Anggukkan kepala Imbang menjawab pertanyaan Ayna. "Ya udah rebahan sana, biar aku ambilin minum trus obat." Pinta Ayna, menyuruh Imbang tidur di ranjang mereka.
"Di sini aja, di paha kamu." Tolak Imbang diikuti gelengan kepala.
"Modus." Ayna menepuk pelan punggung Imbang dan dibalas kekehan pria itu. "Udah ah, aku mau ambil minum." Ayna bergerak bermaksud menjauh dari Imbang, namun Imbang segera mengeratkan pelukannya.
"Pelukkamu itu adalah obat paling mujarab, Ay." Bisik Imbang.
"Gombal banget. Udah kayak gini masih aja bisa ngegombal." Ayna tersenyum mendengar gombalan Imbang.
"Ini bukan gombal Ayna. Ini jujur. Obat paling mujarab buat pasangan yang lagi sakit itu adalah pelukan sayang dari pasangannya. Sama kayak senyuman yang terukir dari bibirmu itu seperti, one smile is worth a million words. Jadi pelukan dan senyumanmu sangat berarti buatku dalam menghadapi adikku yang sangat ajaib itu."
"Ya, ya. Aku jadi tau ternyata selain licik, modus dan nyebelin kamu itu juga raja gombal." Ucap Ayna diiringi tawa kecil.

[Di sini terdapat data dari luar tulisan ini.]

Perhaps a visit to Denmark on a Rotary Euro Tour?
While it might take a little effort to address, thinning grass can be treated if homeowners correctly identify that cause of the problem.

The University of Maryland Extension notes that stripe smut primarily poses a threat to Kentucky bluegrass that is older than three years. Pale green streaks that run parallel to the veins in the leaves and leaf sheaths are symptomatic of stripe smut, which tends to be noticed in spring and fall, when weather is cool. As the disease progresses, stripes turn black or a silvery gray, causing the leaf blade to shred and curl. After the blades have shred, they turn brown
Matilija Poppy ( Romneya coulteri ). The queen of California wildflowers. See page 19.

"Semua gara-gara kamu Ay. Dulu aku nggak kayak gini." Jawab Imbang diiringi tawa bahagia.
Biarlah Mela menggila dengan niatannya. Selama mereka saling percaya sekuat apapun badai yang akan menghadang tak akan mampu tuk menyurutkan langkah mereka untuk tetap bahagia.

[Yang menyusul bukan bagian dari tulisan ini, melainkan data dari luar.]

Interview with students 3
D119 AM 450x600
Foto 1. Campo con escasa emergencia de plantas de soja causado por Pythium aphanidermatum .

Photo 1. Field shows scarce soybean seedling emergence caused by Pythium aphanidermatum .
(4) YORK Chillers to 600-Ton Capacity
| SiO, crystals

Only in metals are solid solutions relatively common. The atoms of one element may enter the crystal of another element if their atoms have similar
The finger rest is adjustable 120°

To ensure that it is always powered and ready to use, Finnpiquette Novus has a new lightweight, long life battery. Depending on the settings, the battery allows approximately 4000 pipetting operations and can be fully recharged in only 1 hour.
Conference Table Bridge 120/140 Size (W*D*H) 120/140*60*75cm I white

"Kita harus saling percaya untuk bisa melalui ini semua, Ay." Bisik Imbang lalu menyatukan bibirnya dan Ayna.
Ayna menyambut dengan baik ciuman dari Imbang, "kepercayaan itu kunci utama." Ucap Ayna diantara ciuman mereka.
Midnight update lagi Gaess. Oh iya, maaf untuk update yang mulai jarang. Ku mau sok sibuk biar dicariin, Wkkk, nggak ding. Ku lagi malas ngetik karena qwerty hapeku bermasalah, backspacenya itu suka jalan sendiri. Jadi kalau aku meleng dikit dia suka ngapusin tulisan yang udah kuketik. Seringnya kulawan dengan tombol enter. Jadi dua tombol itu sering berantem kalo dihapeku.
Sepertinya hapeku lelah ya Gaess. Jangan tanya kenapa nggak nulis pakai laptop ya Gaess. Karena jawabannya nggak banget loh ini. Suer jangan tanya.
Oh iya, seperti biasa typo masih meraja lela, dan happy reading.